The reaction CO(g) + ½O₂(g) → CO₂(g) has ΔH = −283.0 kJ. You need to use this reaction in reverse (CO₂ → CO + ½O₂) in a Hess's Law calculation. What ΔH do you assign to the reversed reaction?
A−283.0 kJ, because ΔH is a property of the reaction, not the direction
B+283.0 kJ, because reversing the reaction flips the sign of ΔH
C−141.5 kJ, because reversal halves the enthalpy change
D0 kJ, because the CO₂ that forms is immediately consumed
When you reverse a reaction, you reverse the direction of heat flow: a reaction that releases 283.0 kJ now requires 283.0 kJ. Mathematically, ΔH_reverse = −ΔH_forward. This follows directly from enthalpy being a state function — the enthalpy difference between two states has equal magnitude but opposite sign depending on which direction you traverse it. The most common error in Hess's Law problems is forgetting to flip the sign when reversing, leading to incorrect final ΔH values.
Question 2 Multiple Choice
A chemist needs ΔH for the reaction: 2C(s) + 2H₂(g) → C₂H₄(g). This reaction is difficult to measure directly because combustion of carbon always produces CO₂ rather than pure ethylene. Why can Hess's Law solve this problem?
AHess's Law allows the chemist to estimate ΔH from bond energies alone, without using any measured data
BBecause enthalpy is a state function, ΔH depends only on the initial and final states — so the target ΔH can be calculated by combining measured ΔH values of other reactions in which the same substances appear
CThe chemist can run the reaction at very high pressure to force complete conversion to ethylene and measure ΔH directly
DHess's Law applies only to combustion reactions, so it is not directly applicable here
Hess's Law works because enthalpy is a state function: it depends on the identities and states of reactants and products, not on the pathway connecting them. This means ΔH for 2C + 2H₂ → C₂H₄ is fixed regardless of how you get there — including imaginary multi-step paths through measurable intermediate reactions (combustion of carbon, combustion of hydrogen, combustion of ethylene). As long as the measurable reactions can be combined so that intermediate species cancel and only 2C, 2H₂, and C₂H₄ remain, their summed ΔH values equal the target reaction's ΔH. The path is irrelevant; only the endpoint states matter.
Question 3 True / False
Multiplying a balanced chemical equation by a factor of 3 requires multiplying its ΔH by 3 as well.
TTrue
FFalse
Answer: True
ΔH is an extensive property — it scales with the amount of matter reacting. If the reaction A + B → C has ΔH = −100 kJ, this means 100 kJ is released per mole of reaction as written. If you triple the equation (3A + 3B → 3C), three times as many moles react and three times as much heat is released: ΔH = −300 kJ. This scaling is essential in Hess's Law calculations: when you multiply a reaction to cancel an intermediate, you must apply the same multiplier to ΔH.
Question 4 True / False
Hess's Law mainly applies when reactions proceed through the same intermediate steps, since the intermediate compounds should cancel for the law to work.
TTrue
FFalse
Answer: False
This reverses the logic of Hess's Law. The law states that ΔH is the same regardless of the pathway — including any imaginary multi-step paths through intermediates that don't exist in the actual reaction mechanism. The intermediates in a Hess's Law calculation are mathematical constructs used to connect known measurable reactions to the target reaction; they need not reflect any actual reaction mechanism. In fact, the whole power of Hess's Law is that you can construct a purely mathematical path through convenient intermediates specifically to cancel them out algebraically, without those intermediates ever appearing in the real reaction.
Question 5 Short Answer
Why does the state-function nature of enthalpy make it possible to calculate ΔH for any reaction from a set of known reactions, even if the target reaction has never been performed?

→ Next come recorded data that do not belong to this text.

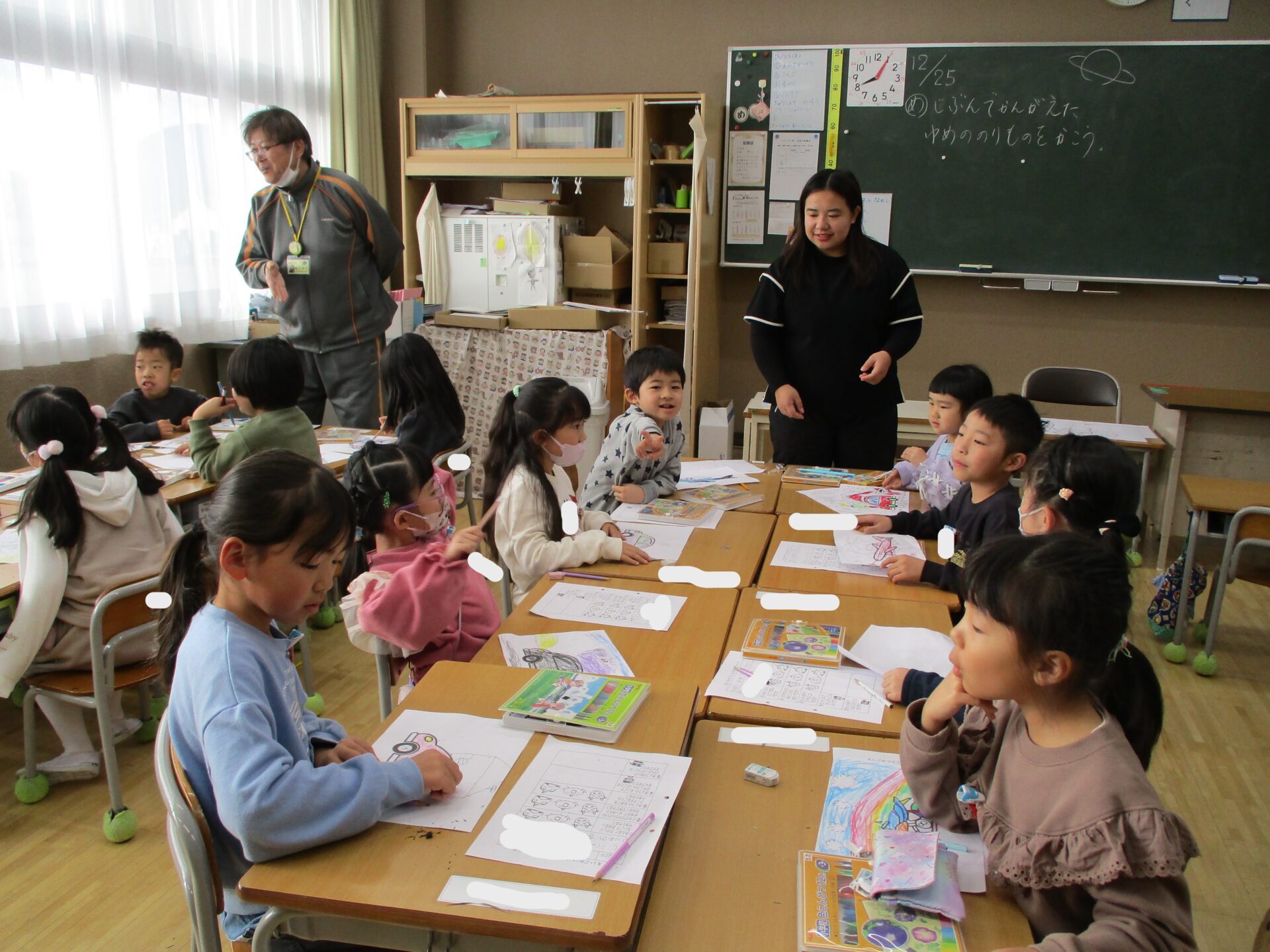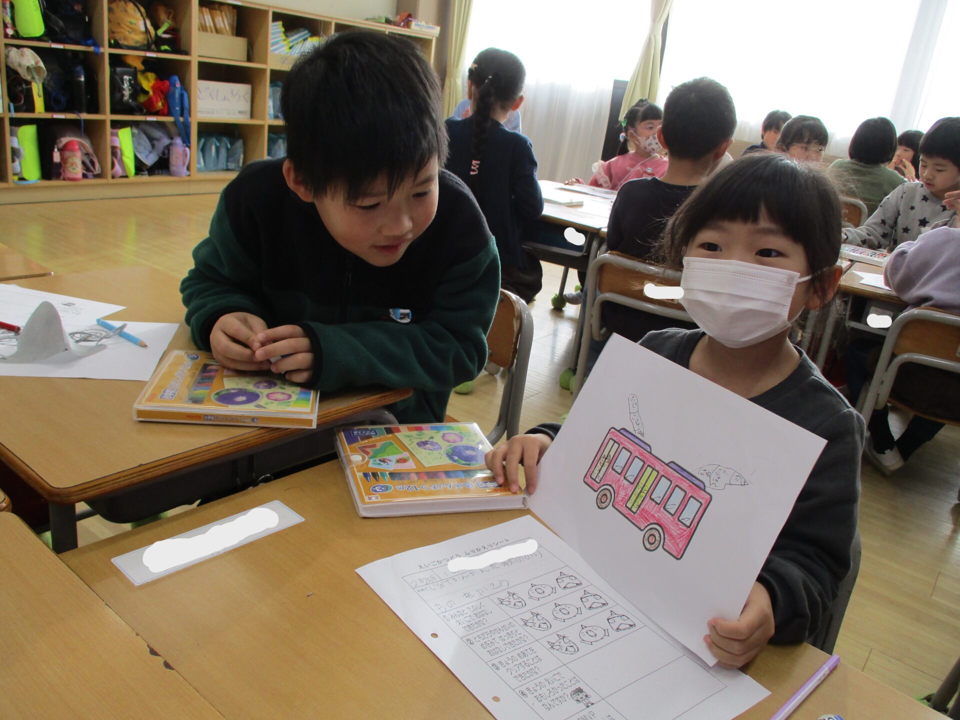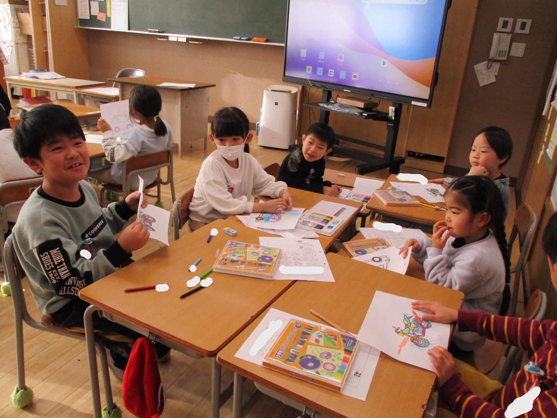 2025.12.25 1年生 好きな乗り物を英語で🚙 管理者学校 本日の英語活動では夢の乗り物を考えました。 はじめに一人一人が「I like car.」などと先生に伝え、好きな乗り物のカードをもらいました。 夢の乗り物の絵を描きます。 完成した絵をグループのお友達に紹介します。 この時も「I like ○○.」が言えました。 とても素敵な乗り物を考えました。 冬休み前集会はリモートで行われ、賞状をもらった子もいました。 楽しい冬休みを過ごし、良いお年をお迎えください🌄 1月8日に元気な1年生に会えるのを楽しみにしています🐎 #1年生
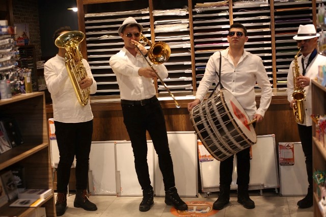Erzurum/zirve2000 Erzurum’da hizmet veren bir kırtasiyenin açılışında bando müzik ziyafeti çekti, askerler kıyafetli gençler hoşaf ikram etti.
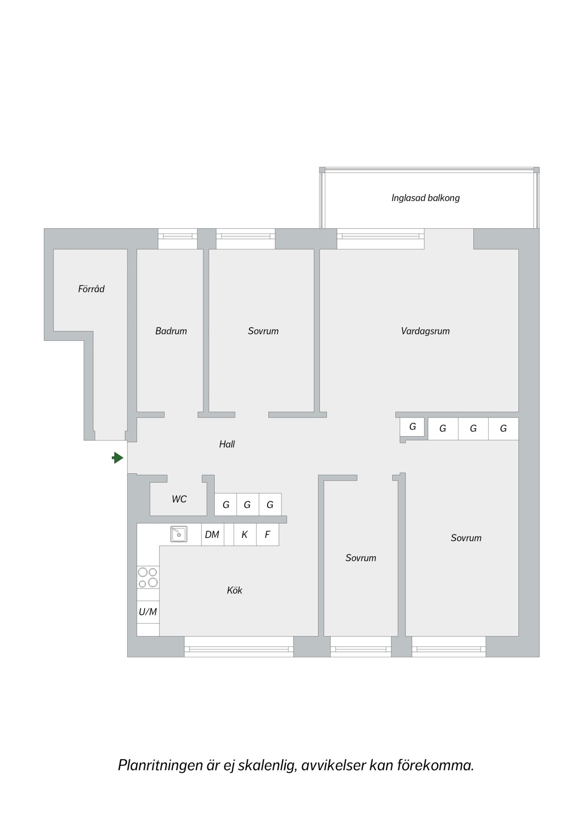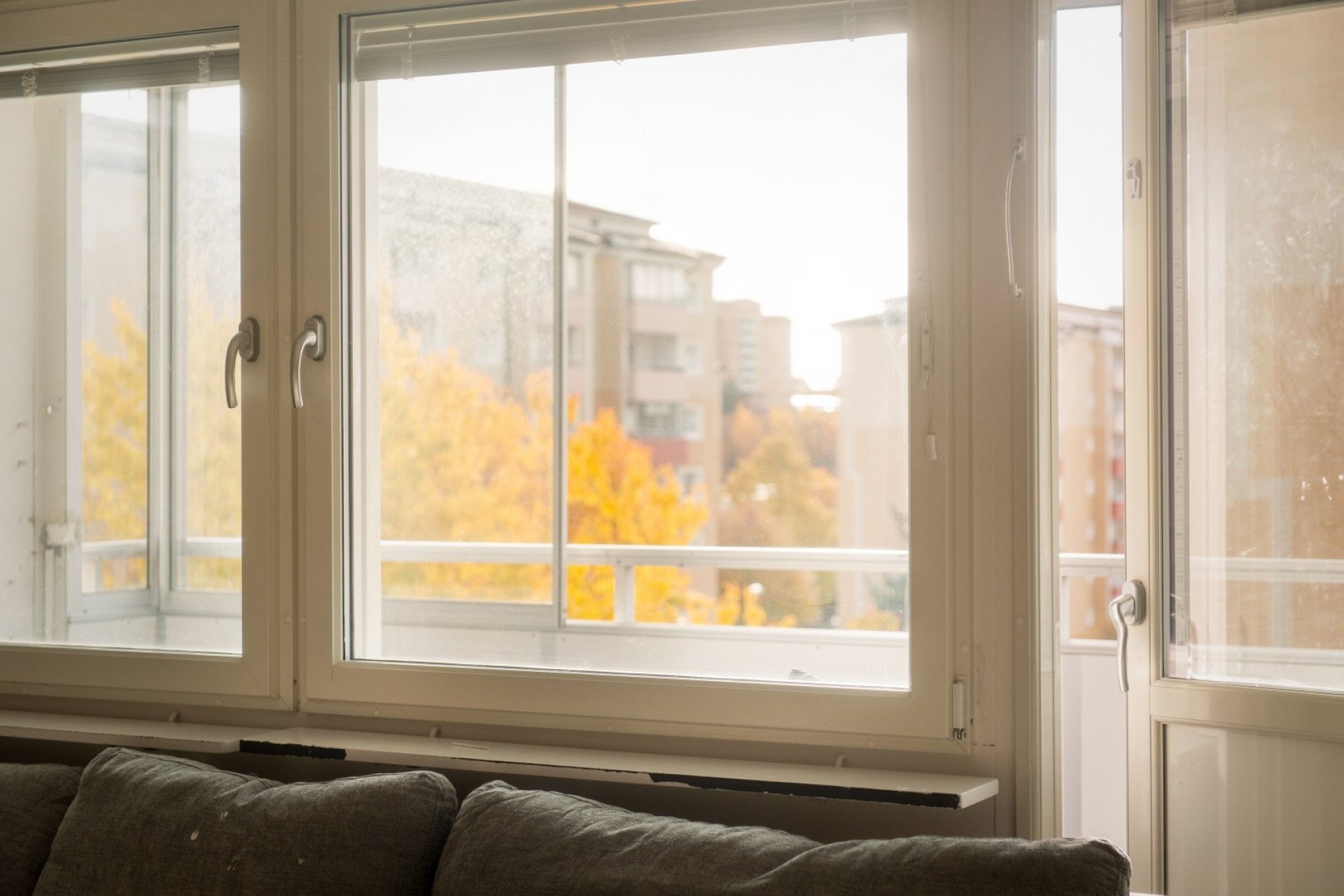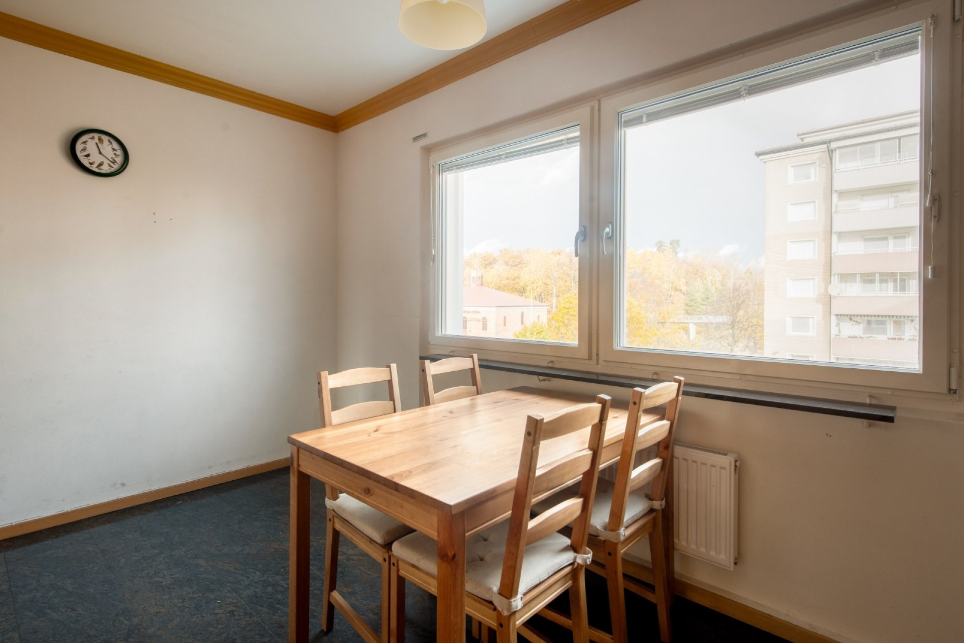 Rymligt och lättmöblerat vardagsrum med stora fönsterpartier som släpper in härligt ljus. Här finns gott om plats för möblemang. Från vardagsrummet är det utgång till lägenhetens rymliga inglasade balkong.
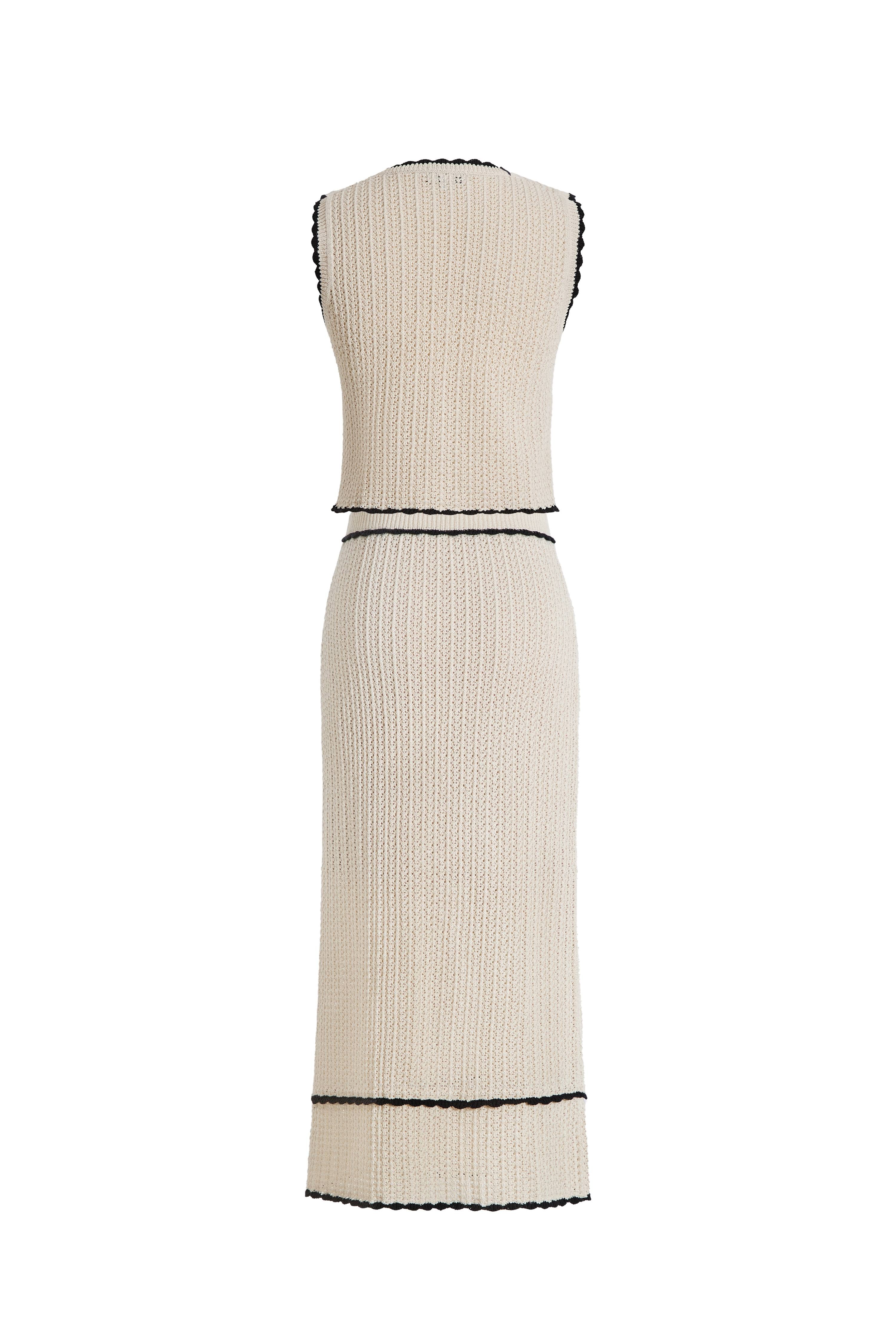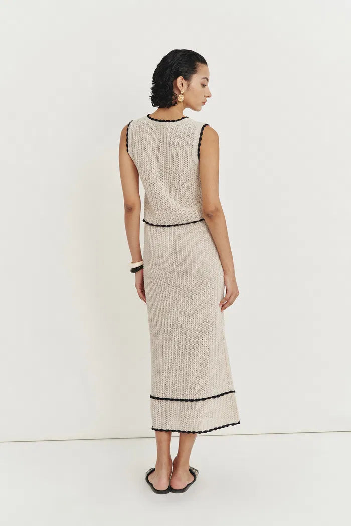 Azores Handcrafted Daisy Crochet Sleeveless Top and Palma Midi Skirt Set in Cotton-Linen Blend

Think about your answer, then reveal below.
Model answer: A state function depends only on the current state of the system (temperature, pressure, composition), not on the history of how it got there. For enthalpy, this means ΔH for going from state A to state B is fixed — it equals H(B) − H(A) regardless of whether you go directly from A to B or via states C, D, and E along the way. This allows any multi-step path to serve as a proxy for the unmeasurable direct path. As long as you can construct a series of reactions — by reversing some and multiplying others — such that everything except the target reactants and products cancels algebraically, the sum of their ΔH values equals the ΔH of the direct (unmeasurable) reaction. You are simply exploiting the fact that H is a well-defined function of state, not of path.
The contrast with a path-dependent quantity is illuminating. If you drove from city A to city B via different routes, the distance traveled would vary by route — distance is path-dependent. But the change in altitude from A to B is path-independent — you gain the same net elevation regardless of which road you take. Enthalpy is analogous to altitude: only the start and end states matter, not the route. Hess's Law is the direct application of this path-independence to thermochemical calculations.